╔══
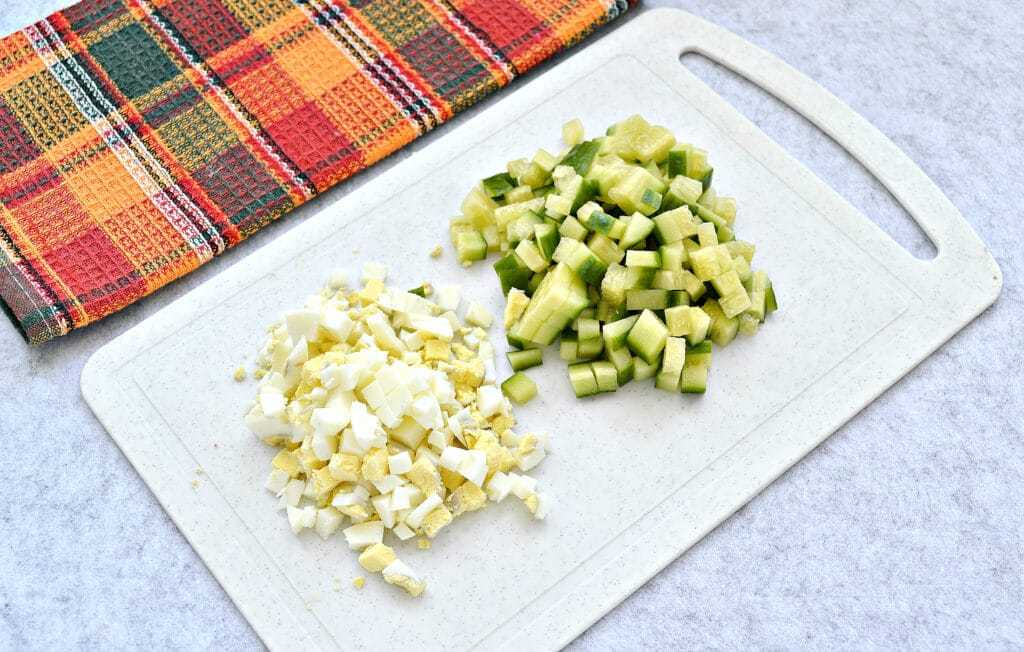 Соразмерными кубиками измельчаем свежий огурец и отварные куриные яйца.
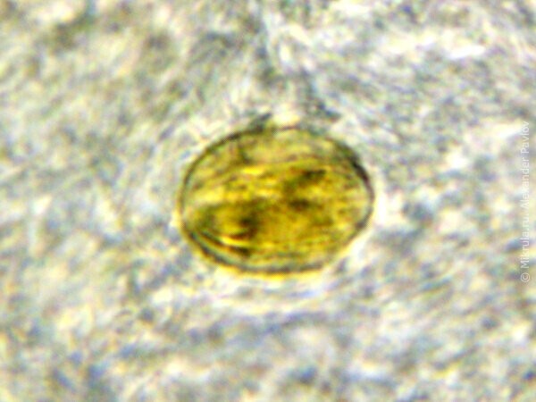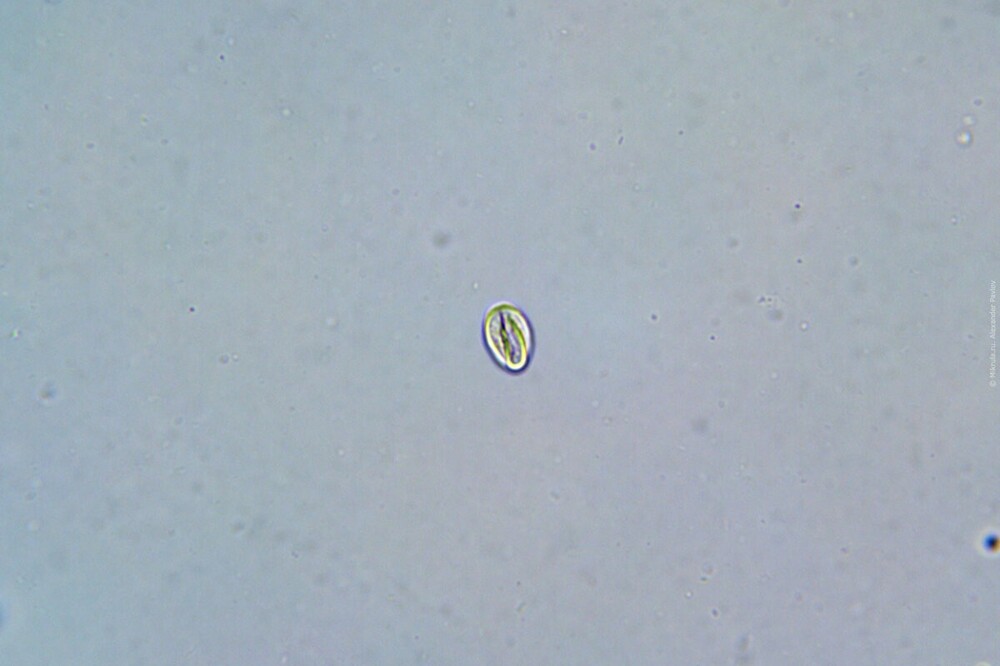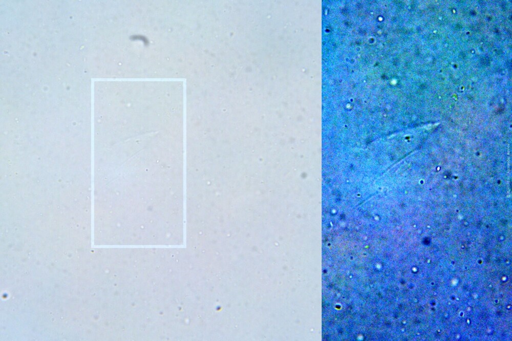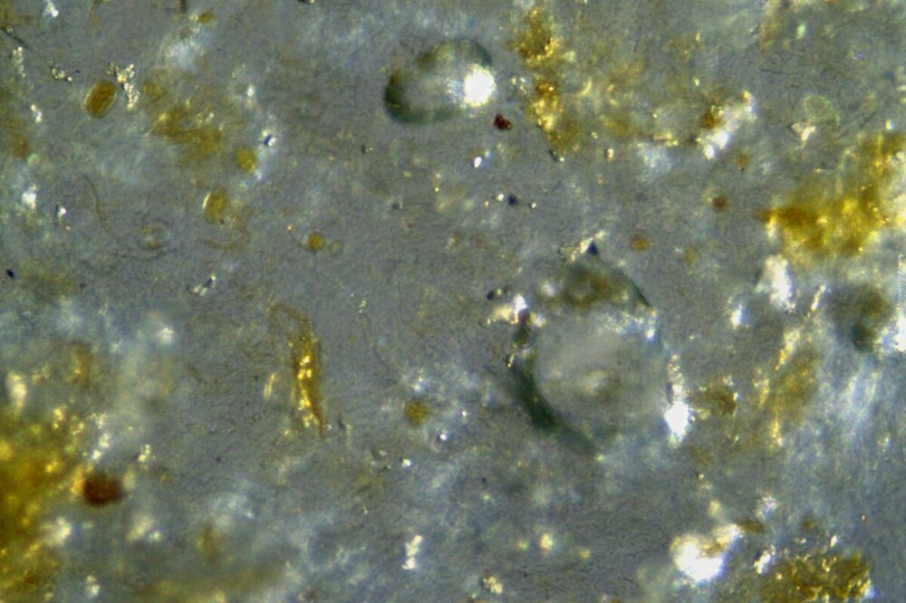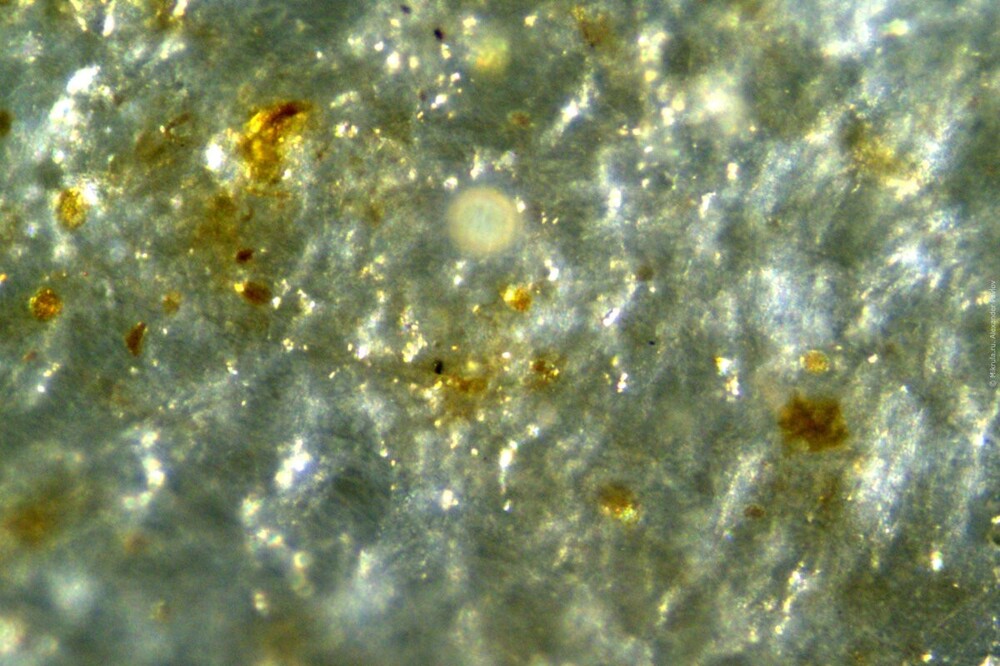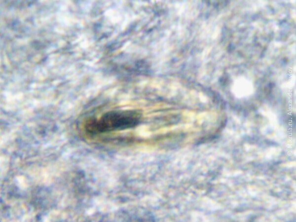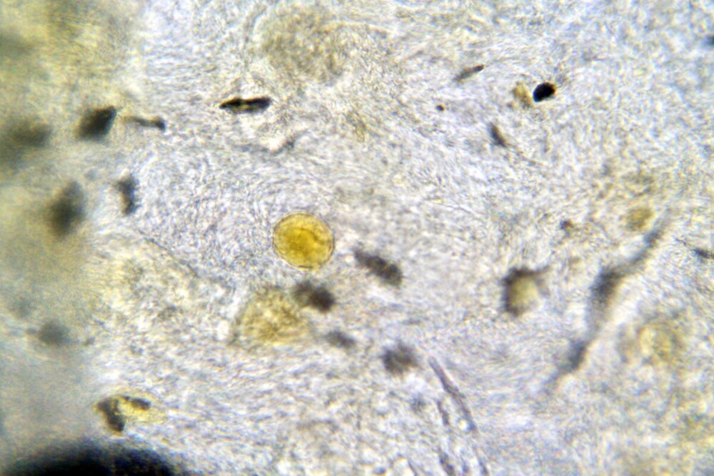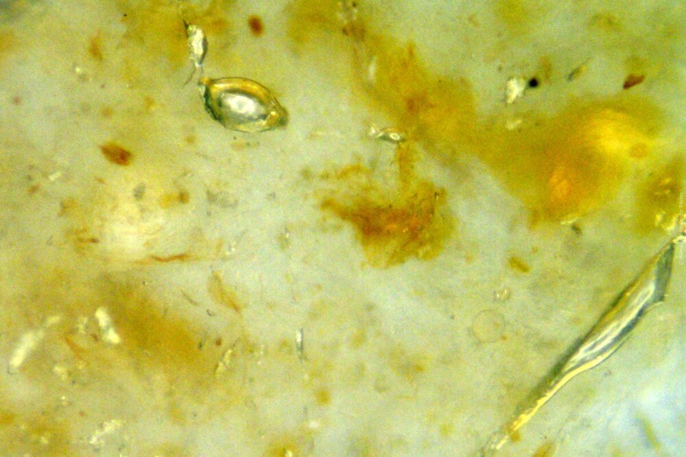 Поискав хорошенько в этой пустыне, я всё же нашел что-то, что можно принять за пыльцевое зерно. Может быть оно попало сюда из мёда?
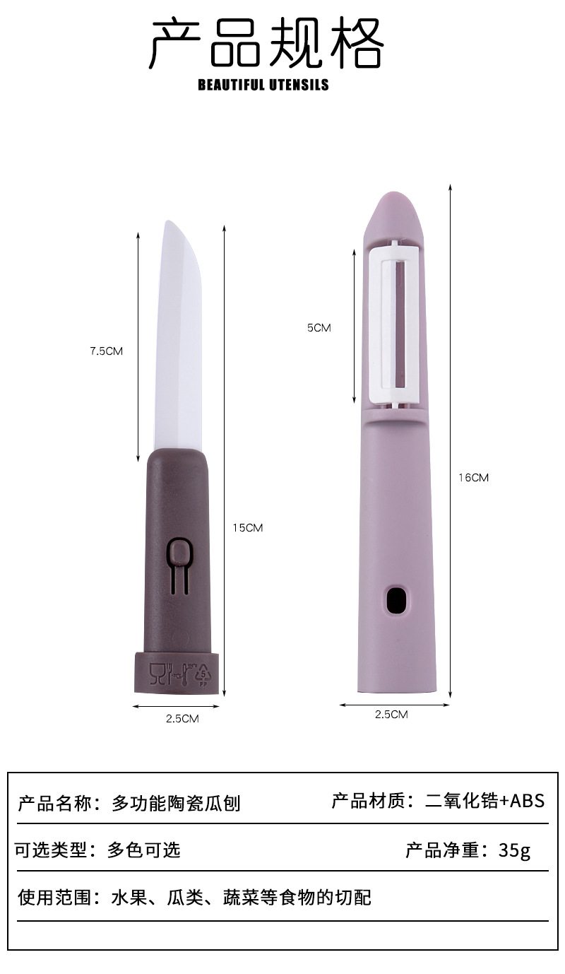 ツーインワンフルーツピーラー、多機能双頭セラミックフルーツナイフ、野菜の高価値、持ち運びが簡単
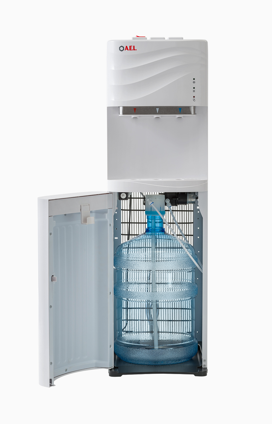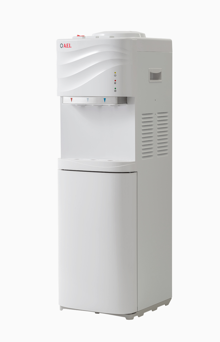 Новый кулер с нижней загрузкой бутыли белого цвета. После снятия крышки с бутыли Вам не надо поднимать её наверх. Просто установите трубку забора воды на бутыль и задвиньте внутрь шкафчика кулера. Оригинальный дизайн кулера с волной на лицевой панели выделяет этот кулер из всех аналогичных по техническим характеристикам. Снабжен 3-мя краниками-клавишами (горячая/прохладная/холодная).В процессе эксплуатации аппарата в тот момент, когда вода в бутыли закончилась, на панели индикации загорится индикатор наличия воды в бутыли. Это символизирует о том, что необходимо заменить пустую бутыль.
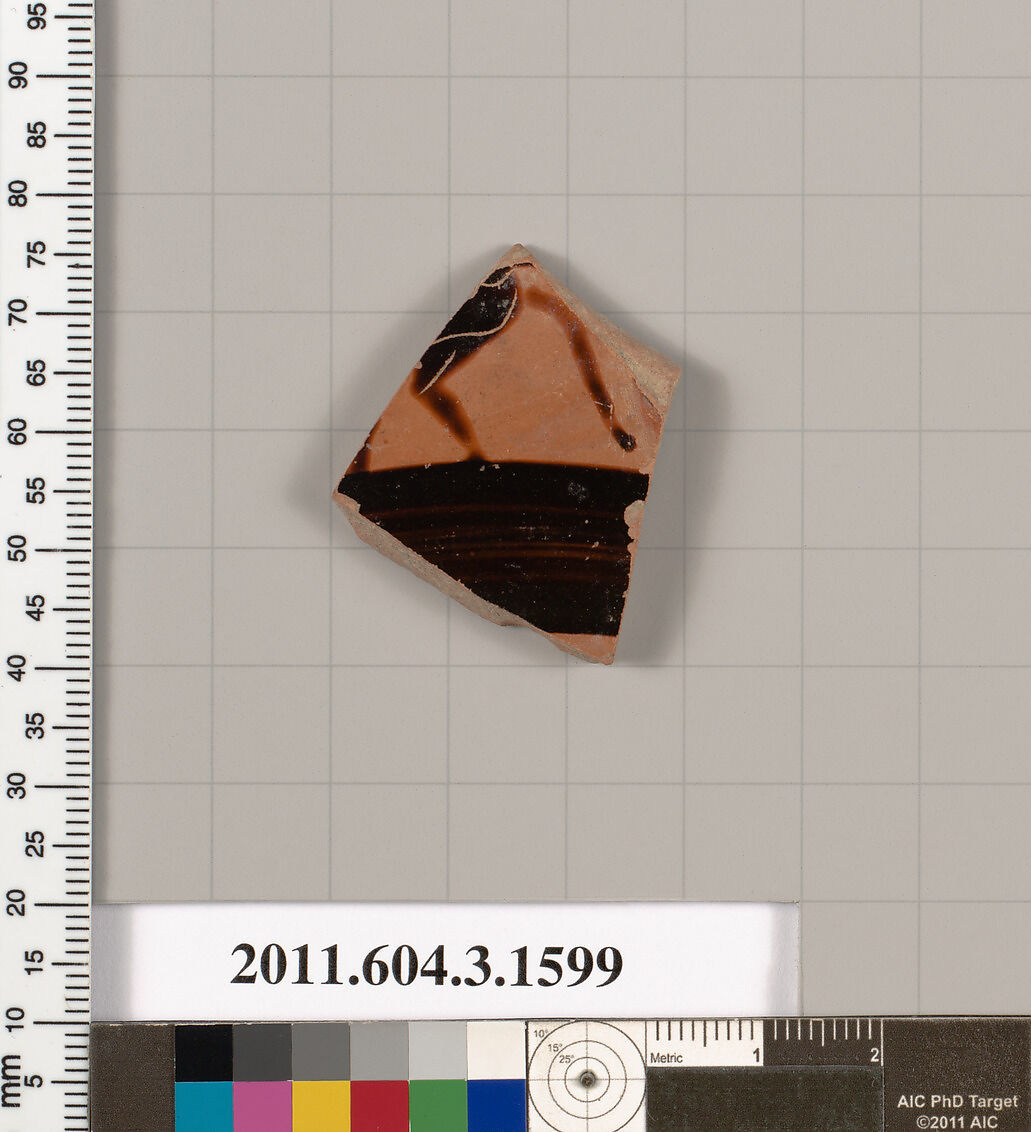- Title:Terracotta fragment of a kylix: Band cup (drinking cup)
╚══
Only the lines from the first line of the data above through the line with "ツーインワンフルーツピーラー" should appear in the answer, retyped exactly, with every picture left out.

 Соразмерными кубиками измельчаем свежий огурец и отварные куриные яйца.
 Поискав хорошенько в этой пустыне, я всё же нашел что-то, что можно принять за пыльцевое зерно. Может быть оно попало сюда из мёда?
 ツーインワンフルーツピーラー、多機能双頭セラミックフルーツナイフ、野菜の高価値、持ち運びが簡単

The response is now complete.